## ABOUT THIS TASK
Reproduce exactly, and solely, the lines running from the top of the data below through the line with "2024-0105關鍵券商買賣超 2024-01-05 股狗網小編", both inclusive. Omit pictures.

[Opening DATA FOR ANALYSIS section]

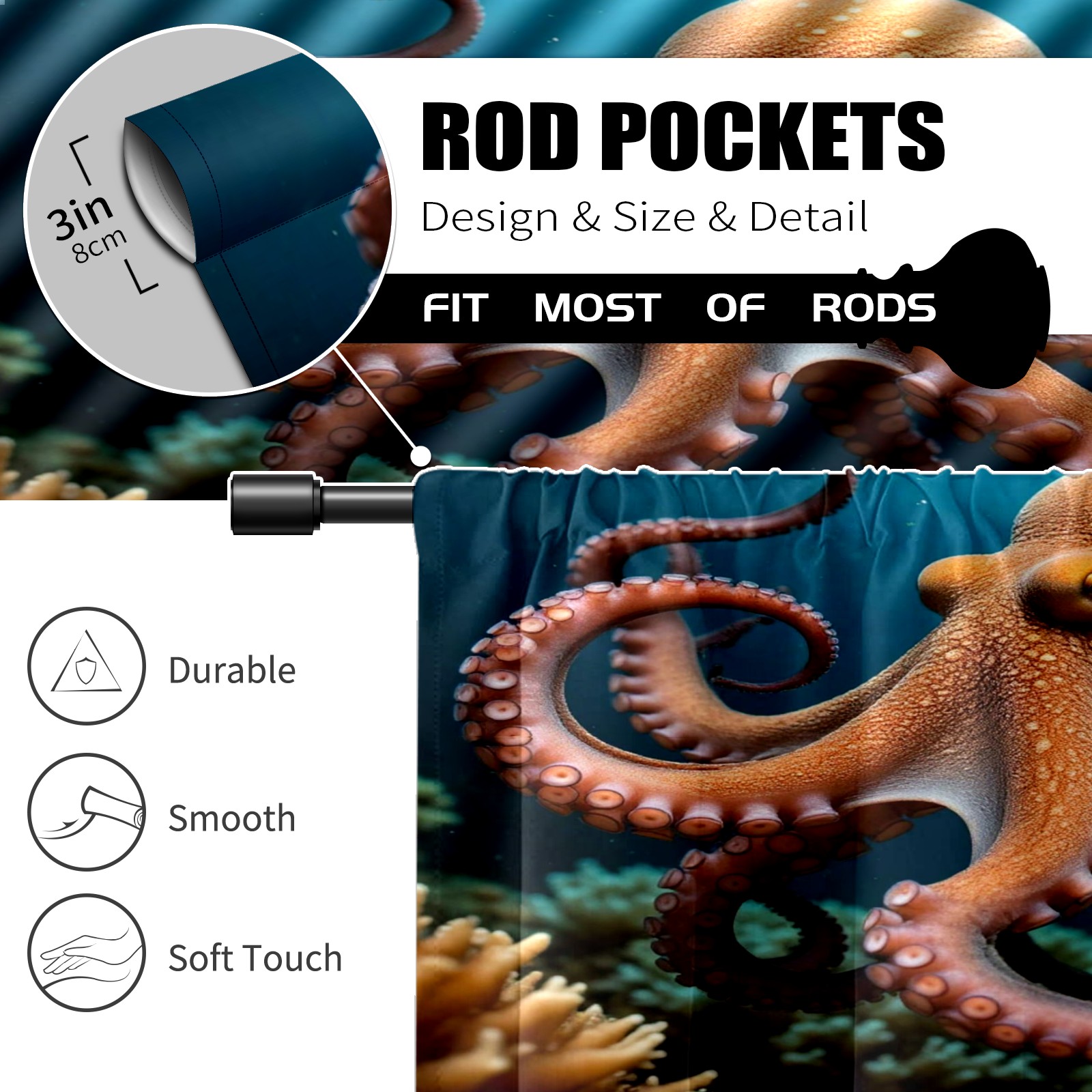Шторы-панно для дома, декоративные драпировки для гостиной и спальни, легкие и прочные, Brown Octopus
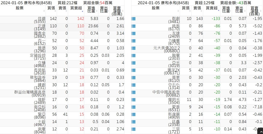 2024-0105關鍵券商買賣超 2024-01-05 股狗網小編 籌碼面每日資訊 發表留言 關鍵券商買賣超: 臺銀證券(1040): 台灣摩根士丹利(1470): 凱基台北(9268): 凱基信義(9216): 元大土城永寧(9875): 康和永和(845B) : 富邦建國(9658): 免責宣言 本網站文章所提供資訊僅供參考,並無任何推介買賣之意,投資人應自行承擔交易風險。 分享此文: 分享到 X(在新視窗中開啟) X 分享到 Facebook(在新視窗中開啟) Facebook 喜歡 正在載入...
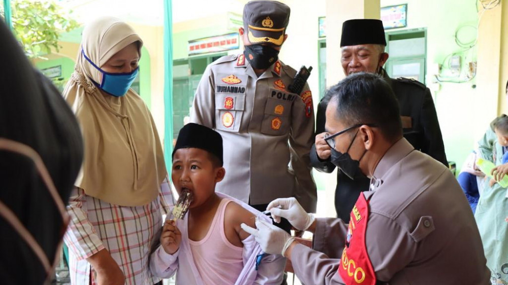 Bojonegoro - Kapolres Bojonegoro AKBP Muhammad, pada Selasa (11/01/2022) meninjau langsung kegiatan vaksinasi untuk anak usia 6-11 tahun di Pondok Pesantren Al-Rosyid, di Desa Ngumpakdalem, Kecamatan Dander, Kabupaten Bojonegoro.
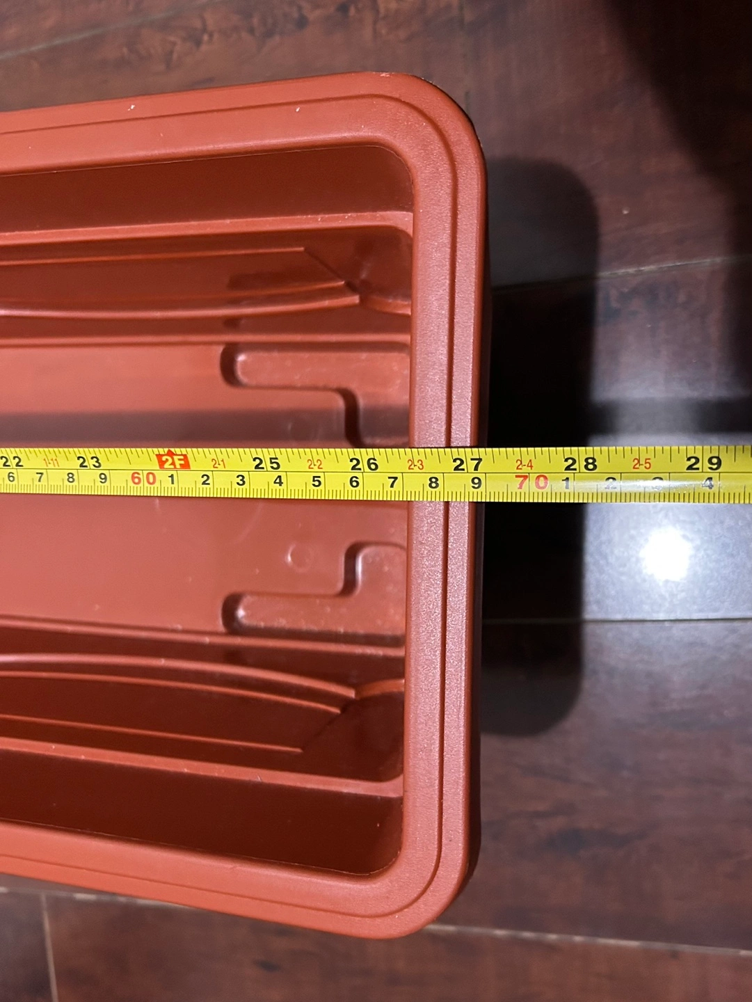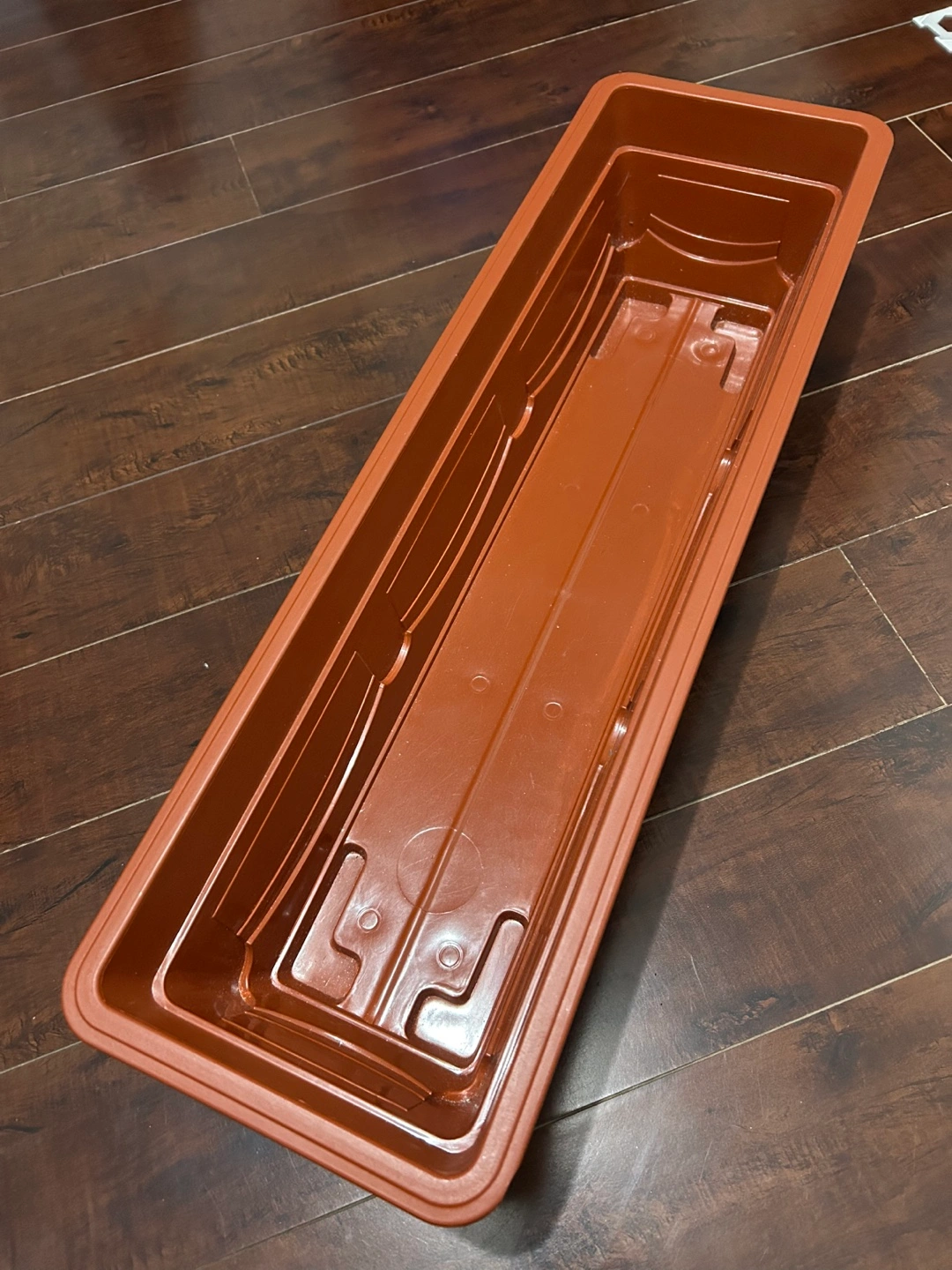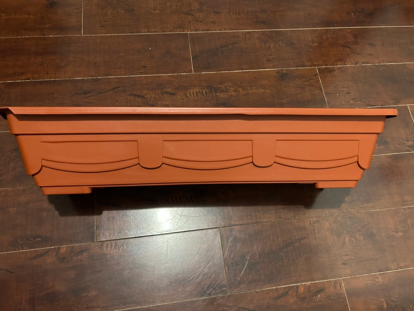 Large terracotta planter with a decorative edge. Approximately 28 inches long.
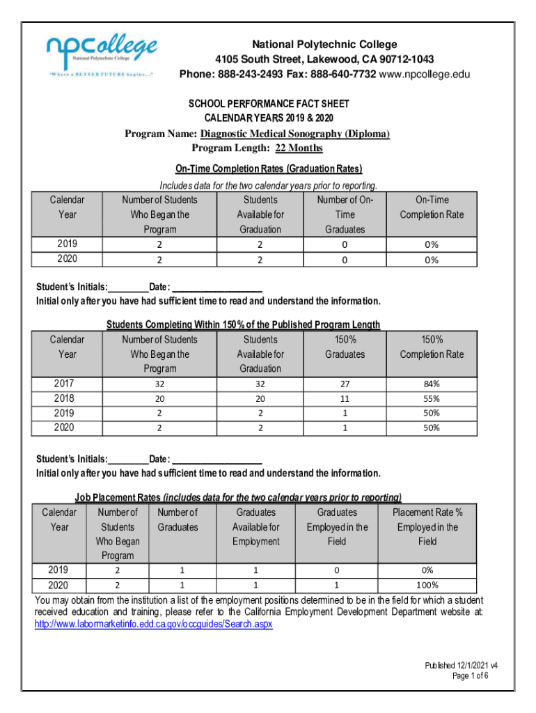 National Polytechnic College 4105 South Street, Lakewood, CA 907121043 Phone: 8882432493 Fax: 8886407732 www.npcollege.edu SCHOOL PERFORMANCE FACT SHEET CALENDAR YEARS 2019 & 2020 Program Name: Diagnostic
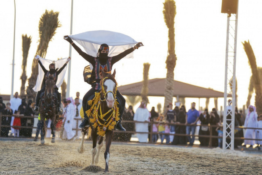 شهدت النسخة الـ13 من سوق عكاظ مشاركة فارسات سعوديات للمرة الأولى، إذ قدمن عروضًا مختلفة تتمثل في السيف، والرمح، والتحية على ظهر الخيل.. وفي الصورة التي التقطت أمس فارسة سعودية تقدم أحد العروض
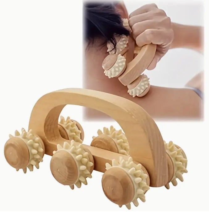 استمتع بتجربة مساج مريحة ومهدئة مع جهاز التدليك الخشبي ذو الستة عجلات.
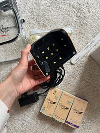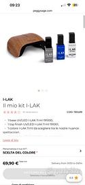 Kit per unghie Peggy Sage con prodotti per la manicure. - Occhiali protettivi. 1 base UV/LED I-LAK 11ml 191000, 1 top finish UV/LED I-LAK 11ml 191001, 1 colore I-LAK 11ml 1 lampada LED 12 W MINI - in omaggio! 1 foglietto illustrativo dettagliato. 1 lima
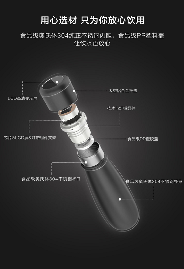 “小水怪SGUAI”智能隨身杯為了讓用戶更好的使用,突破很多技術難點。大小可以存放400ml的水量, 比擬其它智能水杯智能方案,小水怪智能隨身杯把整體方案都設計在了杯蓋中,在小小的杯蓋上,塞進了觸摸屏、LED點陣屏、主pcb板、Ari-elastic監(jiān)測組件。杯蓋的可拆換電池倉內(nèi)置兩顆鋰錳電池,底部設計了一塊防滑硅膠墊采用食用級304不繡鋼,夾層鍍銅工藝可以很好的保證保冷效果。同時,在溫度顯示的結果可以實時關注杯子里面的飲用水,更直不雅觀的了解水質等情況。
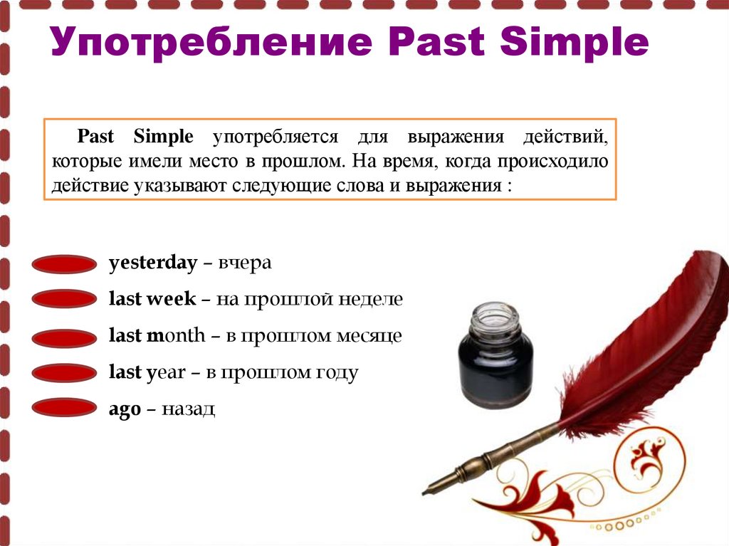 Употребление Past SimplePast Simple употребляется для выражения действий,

[Closing DATA FOR ANALYSIS section]

## REPLY TO THE TASK
Шторы-панно для дома, декоративные драпировки для гостиной и спальни, легкие и прочные, Brown Octopus
 2024-0105關鍵券商買賣超 2024-01-05 股狗網小編 籌碼面每日資訊 發表留言 關鍵券商買賣超: 臺銀證券(1040): 台灣摩根士丹利(1470): 凱基台北(9268): 凱基信義(9216): 元大土城永寧(9875): 康和永和(845B) : 富邦建國(9658): 免責宣言 本網站文章所提供資訊僅供參考,並無任何推介買賣之意,投資人應自行承擔交易風險。 分享此文: 分享到 X(在新視窗中開啟) X 分享到 Facebook(在新視窗中開啟) Facebook 喜歡 正在載入...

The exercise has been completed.